๐Ÿ’กMeta is expanding its AI agent capabilities to compete with specialized research and presentation tools.

โšก 30-Second TL;DR

What Changed

Introduction of a dedicated 'Deep Research' mode for complex information gathering.

Why It Matters

These features signal Meta's intent to compete directly with specialized AI research and productivity tools, potentially reducing the need for third-party plugins. It marks a shift toward an 'all-in-one' agentic workflow within the Meta ecosystem.

What To Do Next

Monitor the Meta AI web interface for the rollout of these modes to evaluate if they can replace your current research or slide-generation workflows.

Who should care:Developers & AI Engineers

Key Points

  • โ€ขIntroduction of a dedicated 'Deep Research' mode for complex information gathering.
  • โ€ขNew 'Presentation' mode to automate the creation of slide decks.
  • โ€ขAddition of 'Social' mode to enhance interactive capabilities on the web interface.

๐Ÿง  Deep Insight

Web-grounded analysis with 23 cited sources.

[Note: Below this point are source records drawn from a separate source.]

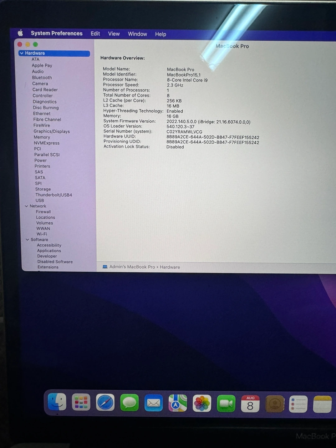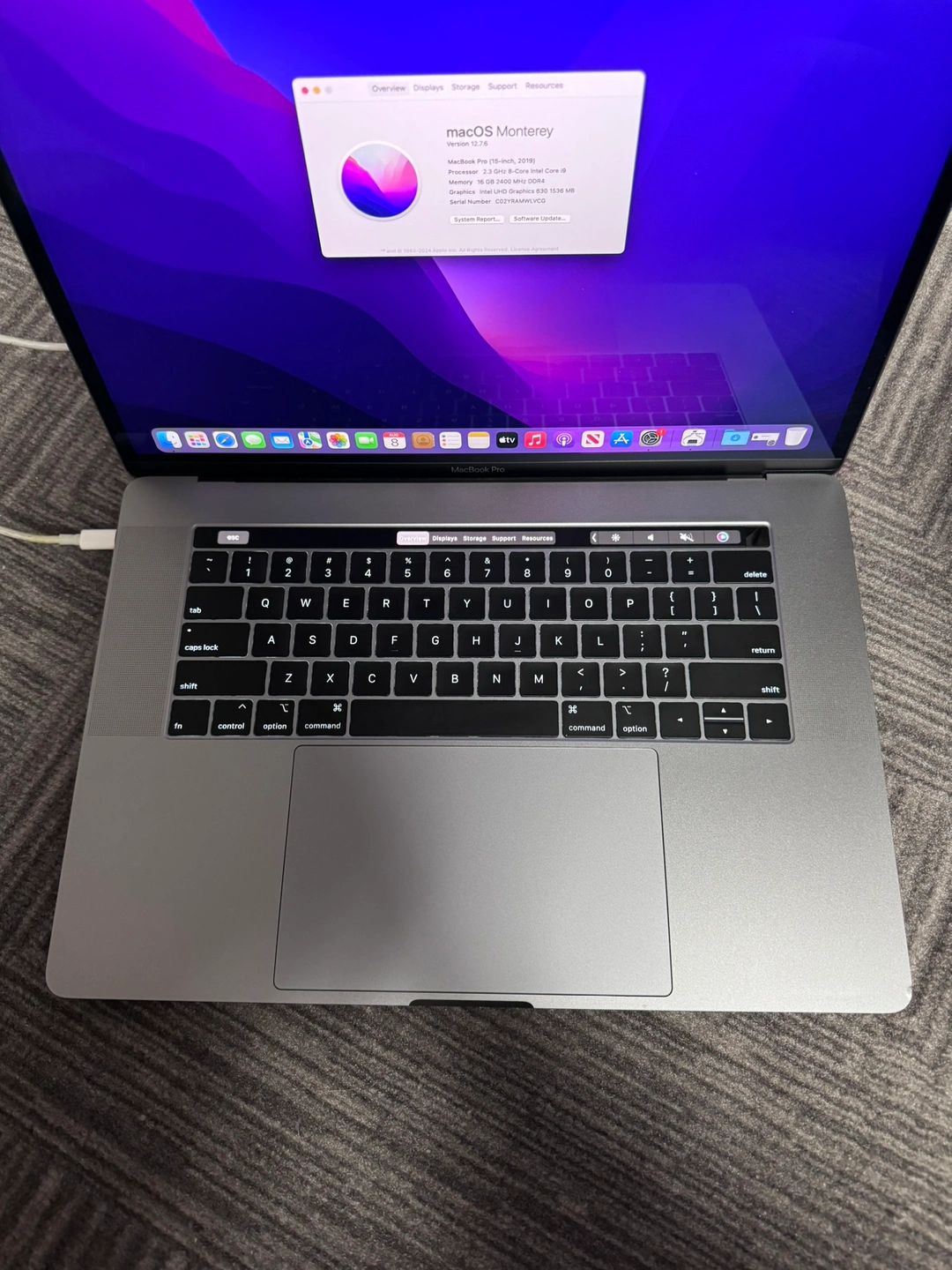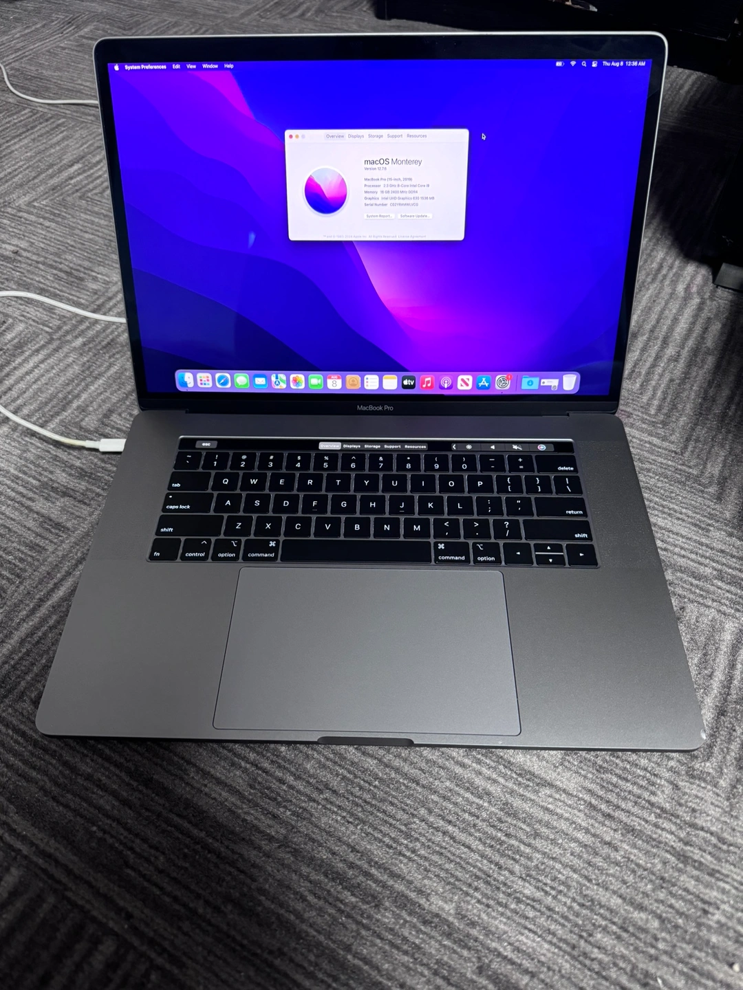 13Apple Macbook Pro 2019 15” with TouchBar 512GB SSD 16GB RAM Intel core i9 Processor Radeon Pro 560X and Intel UHD Graphics 630 graphics Space Grey Comes with a power adapter and cord only dont have the box on me. Battery health is normal and runs perfect (126 cycles) Device is in mint like brand new condition just a few light scuffs and scratches.
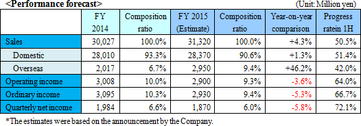 Net sales were 15.8 billion yen, up 5.0% year-on-year. Domestic sales were affected by a rebound from the increased demand before the consumption tax increase in Q1, but recovered from June onwards. By product, general test reagents, ABC category test reagents and fecal occult blood test reagents all contributed. Overseas sales significantly increased by 45.7%, mostly with fecal occult blood test reagents and devices.With the 280 million yen in research and development costs planned for Q2 shifted to Q3, operating income increased 13.3% year-on-year and ordinary income increased 15.6% year-on-year, both double-digit increases. With the tax reform in 2014 leading to decreased corporate taxes, the quarterly net profit also increased by 24.4% year-on-year. Sales did not quite reach planned amounts, but income surpassed planned amounts. ![]() ○ Microbiological reagents
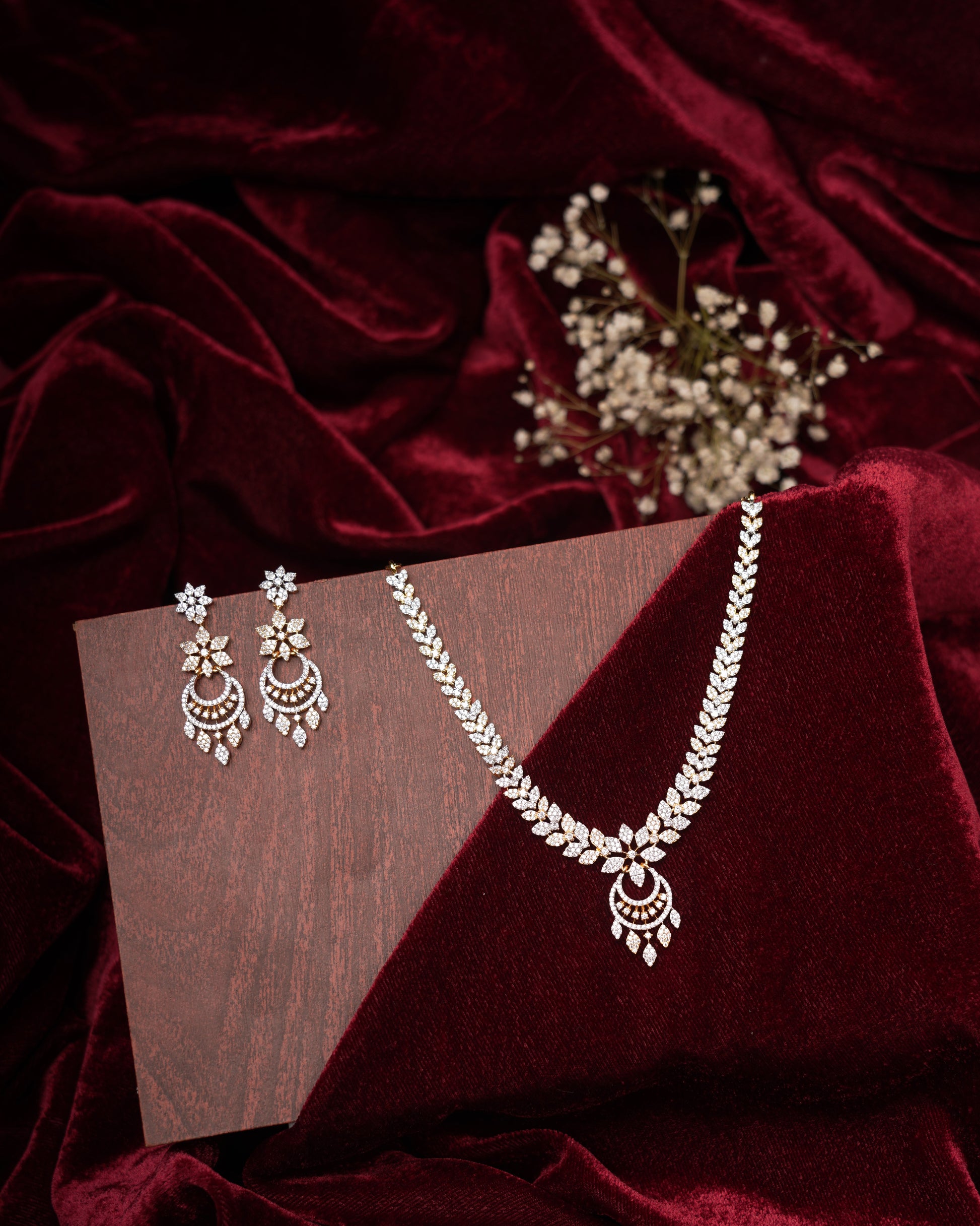 Gold & Rodium-Plated AD-Studded Necklace Set
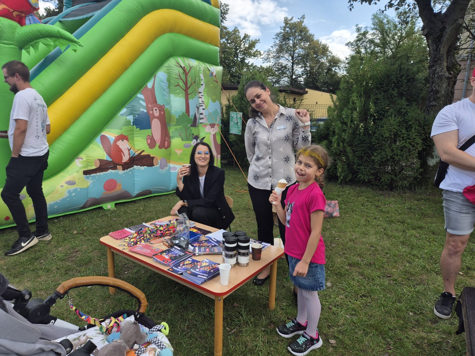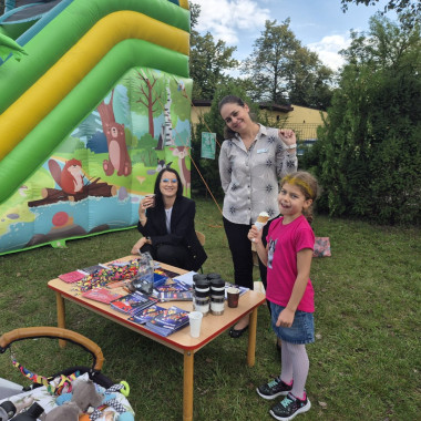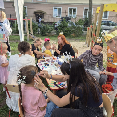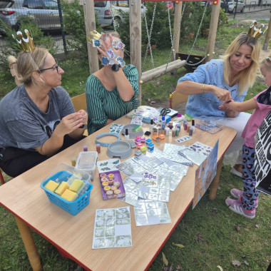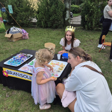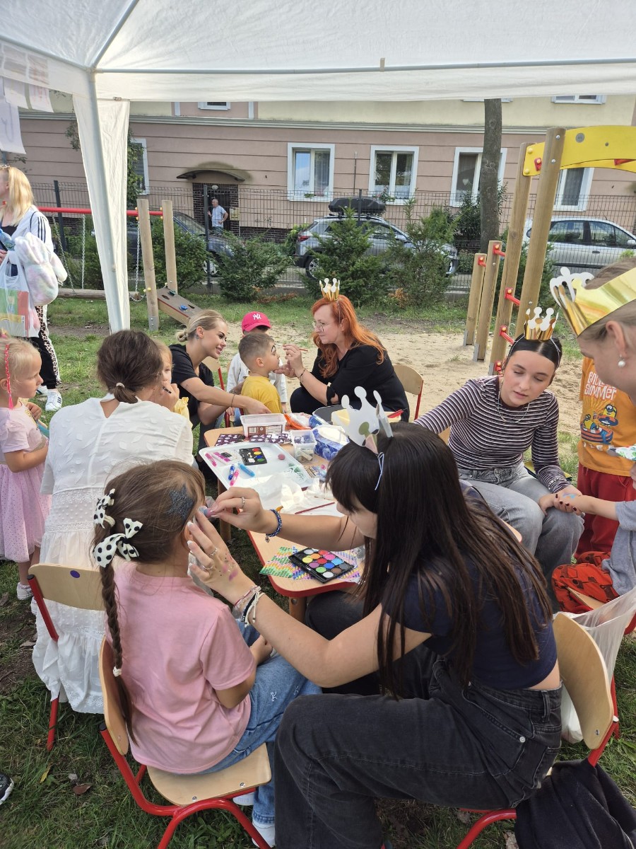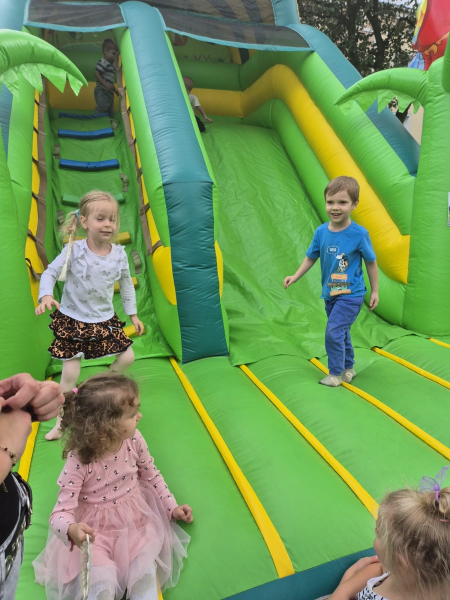Przedszkolny ogród zamienił się w prawdziwe królewskie królestwo pełne barwnych dekoracji, balonów i girland. Na uczestników czekało mnóstwo atrakcji – ogromny dmuchaniec stał się miejscem skoków, ślizgów i radosnych podskoków, a na stanowiskach zorganizowano m.in: malowanie twarzy, brokatowe tatuaże, modelowanie balonów, a także konkurencje sportowe: przeciąganie liny.
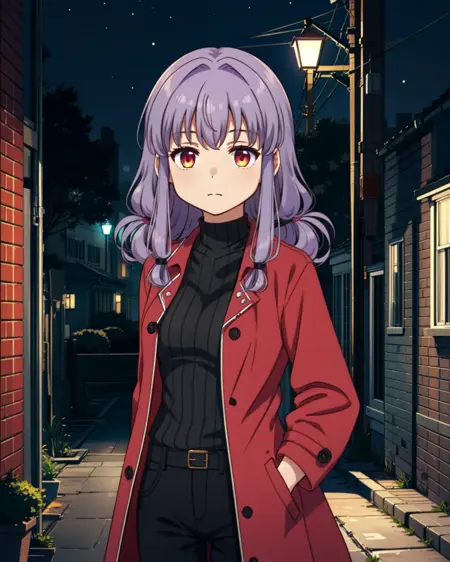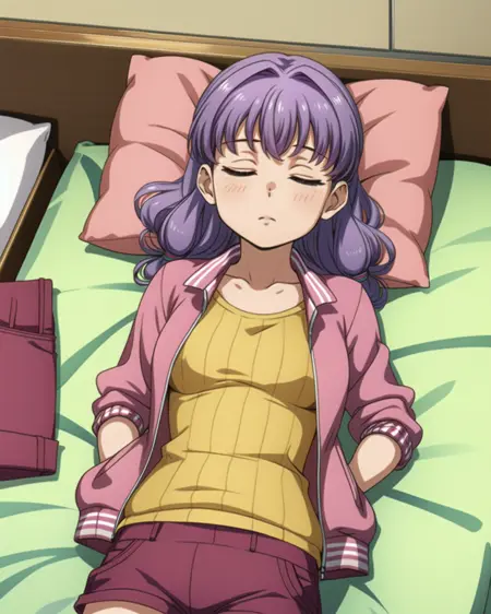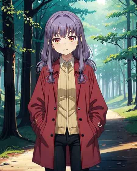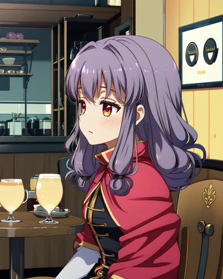 Appearance: purple hair, folded low twintails, pink eyes
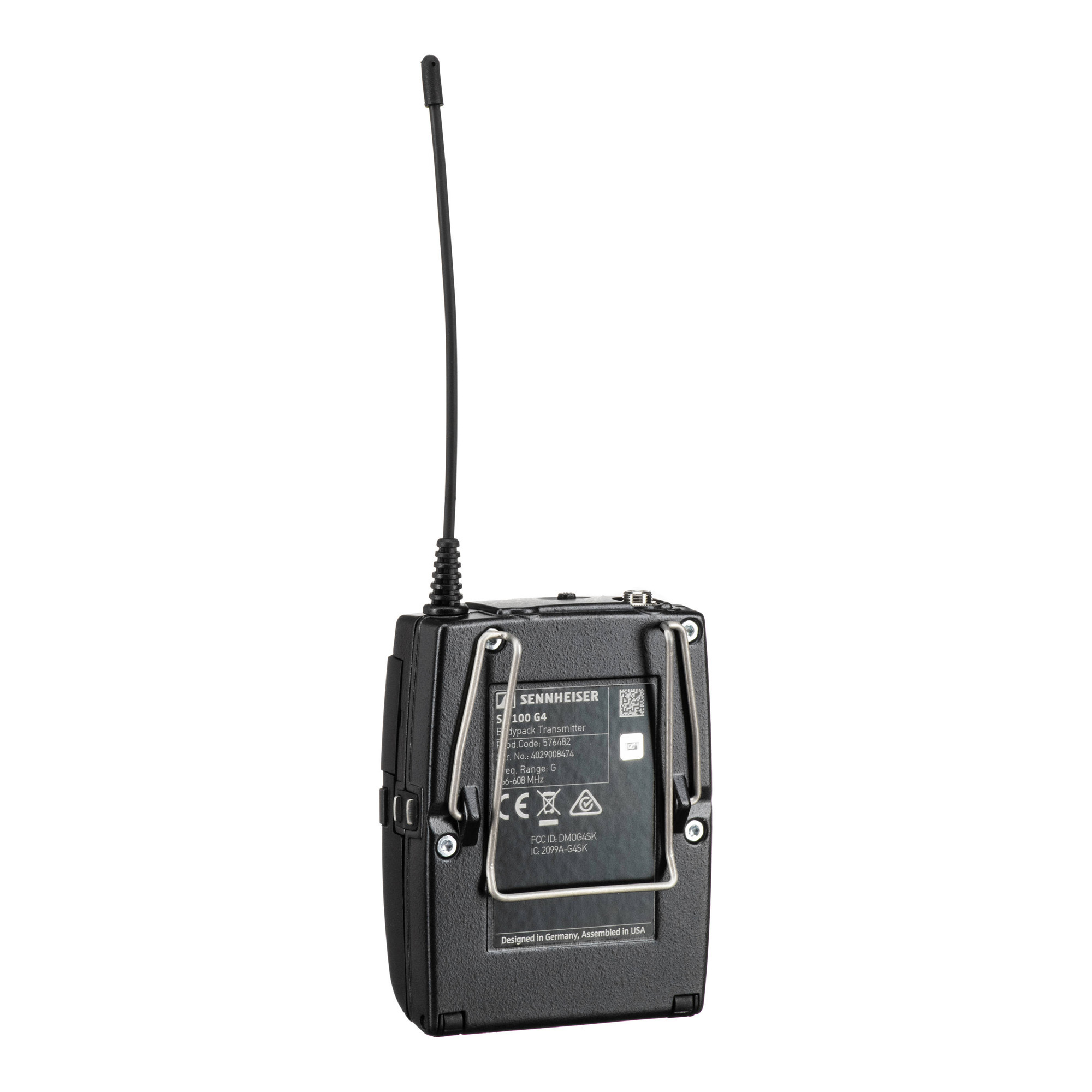 Поясной передатчик SK 100 G4 имеет максимальную выходную мощность 30 мВт, что позволяет ему точно передавать сигнал без потери частот на большом расстоянии. Диапазон частот зависит от источника сигнала и при подключении микрофона будет простираться от 80 Гц до 18 кГц, а при коммутации с электрогитарой или бас-гитарой от 25 Гц до 18 кГц. Питание также происходит от двух батарей типа АА или от Ni-MH аккумулятора, а максимальная продолжительность работы составляет 8 часов. Устройство закрепляется на поясе, не причиняет неудобств и не ограничивает движения за счет малых габаритов и веса. Вход сделан на разъеме 1/8" Jack TRS, который имеет резьбу для фиксации штекера.
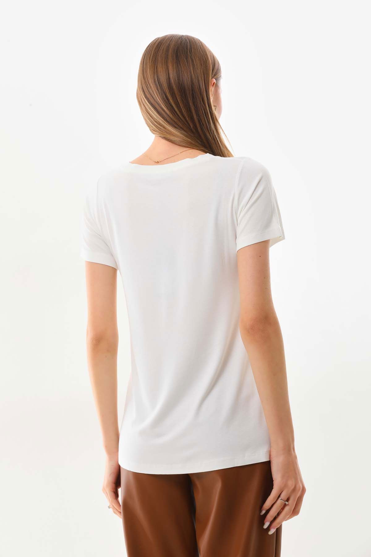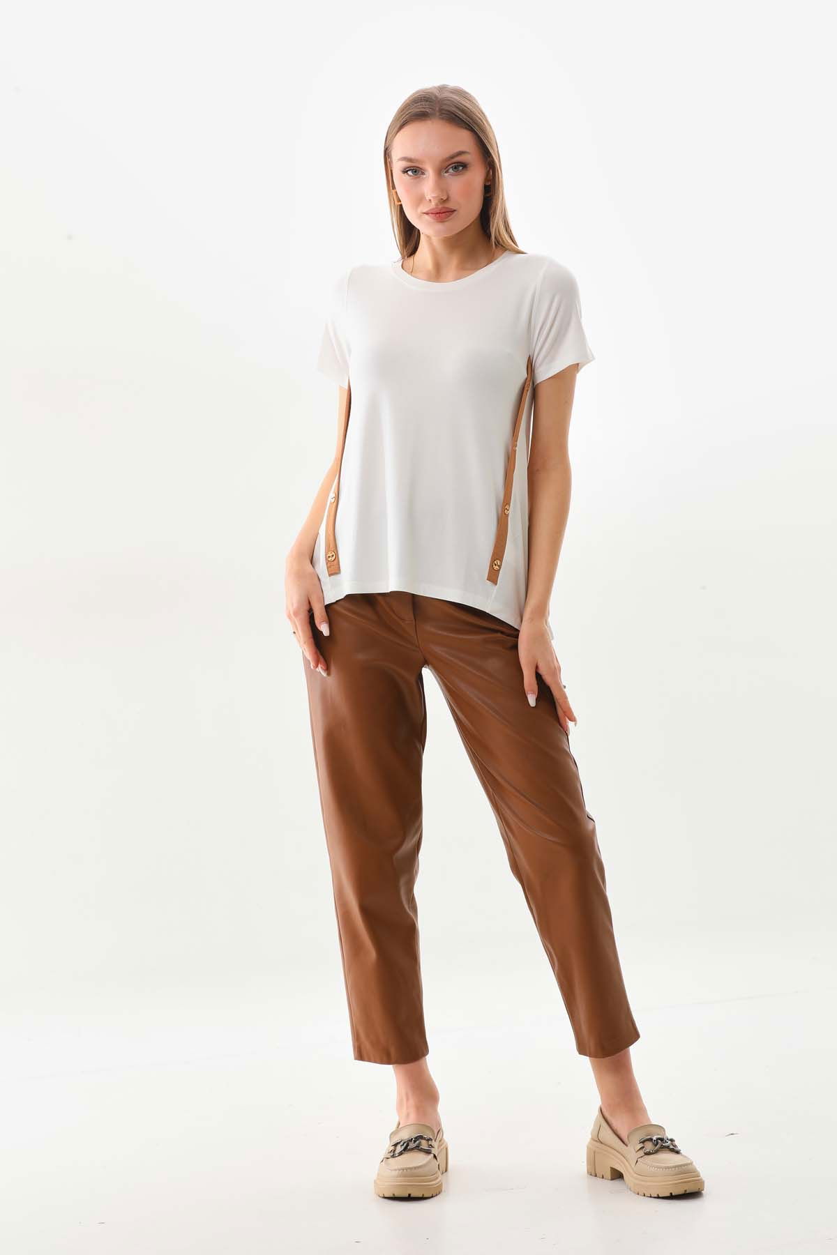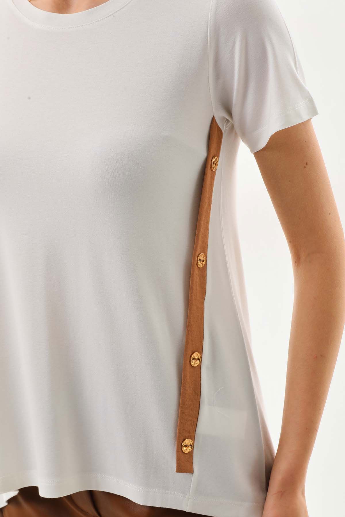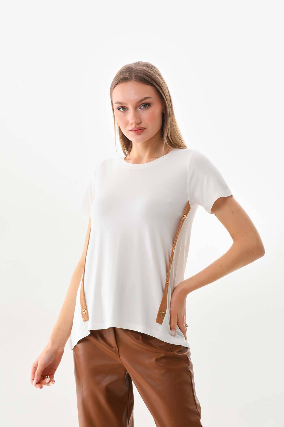 Sistas Kadın Düğme ve Şerit Detaylı Kısa Kol Bluz 23119 Ekru-Camel

๐Ÿ”‘ Enhanced Key Takeaways

  • โ€ขMeta AI's new modes are powered by its Llama family of large language models, with Llama 3, released in April 2024, demonstrating competitive performance against other leading AI models.
  • โ€ขThe AI assistant is deeply integrated across Meta's social platforms, including Facebook, Instagram, WhatsApp, and Messenger, and is also available as a standalone app, offering features like real-time conversational AI and image generation.
  • โ€ขBeyond software, Meta AI extends its functionality to hardware such as Ray-Ban Meta smartglasses, enabling hands-free interaction, live AI views, real-time translation, and the ability to control devices or ask questions about the surroundings.
  • โ€ขThe 'Social' mode is expected to leverage Meta AI's capability to cite public posts from Instagram, Facebook, and Threads, providing richer, context-aware responses and local recommendations tailored to a user's personal style.
  • โ€ขThe 'Deep Research' mode will enter a competitive landscape with existing AI research assistants like Google Gemini, ChatGPT, Perplexity AI, and specialized tools such as Elicit and Consensus, which offer features like structured data extraction and evidence-grounded answers.
๐Ÿ“Š Competitor Analysisโ–ธ Show
Feature/CategoryMeta AI (Deep Research/Presentation Modes)Google Gemini (Deep Research/Slides)ChatGPT (Deep Research)Gamma (Presentation Maker)Plus AI (Presentation Maker)
Primary Use CaseComplex info gathering, automated slide creation, social interactionResearch, summarization, content generation, slide draftingIn-depth research reports, content generationVersatile presentation creation, web-native designProfessional presentations, native integration with MS/Google Slides
Underlying ModelsLlama family (e.g., Llama 3)Gemini modelsGPT-4, GPT-5.5AI models (unspecified, but includes web search)AI models (unspecified)
IntegrationDeeply integrated into Meta apps (Facebook, Instagram, WhatsApp, Messenger), standalone app, Ray-Ban Meta glassesGoogle Workspace (Slides, Docs), standalone appStandalone app, desktop/mobile appsStandalone web platformGoogle Slides, PowerPoint add-on
Research CapabilitiesAims for complex information gathering, deep divesSpeed, clarity, high source counts (18-28 per task), smart summarizationFull (30 min) and lightweight (few min) reports, reasoning depth, detailed sourcing (7-27 sources)Agent can search the web, pull live data, generate fact-based slidesN/A (focused on presentations)
Presentation CapabilitiesAutomates slide deck creationDrafts slide text, summarizes docs, generates visuals in Slides editorCan generate basic slides (via chatbot)AI image generation, restyle decks, real-time collaborationGenerates full presentations/single slides, rewrites/reformats, creates charts/images
Pricing (Approx. Monthly)Free within Meta apps, standalone app (details for new modes not specified)Free plan (standard limits), AI Plus (2x limits), AI Pro (4x limits)Free (limited lightweight), Plus ($20), Team/Edu (10 full/15 lightweight), Pro (125 full/125 lightweight)Free (400 credits), Plus ($8-10), Pro ($15-20)Varies (often subscription-based, e.g., Plus AI for Google Slides)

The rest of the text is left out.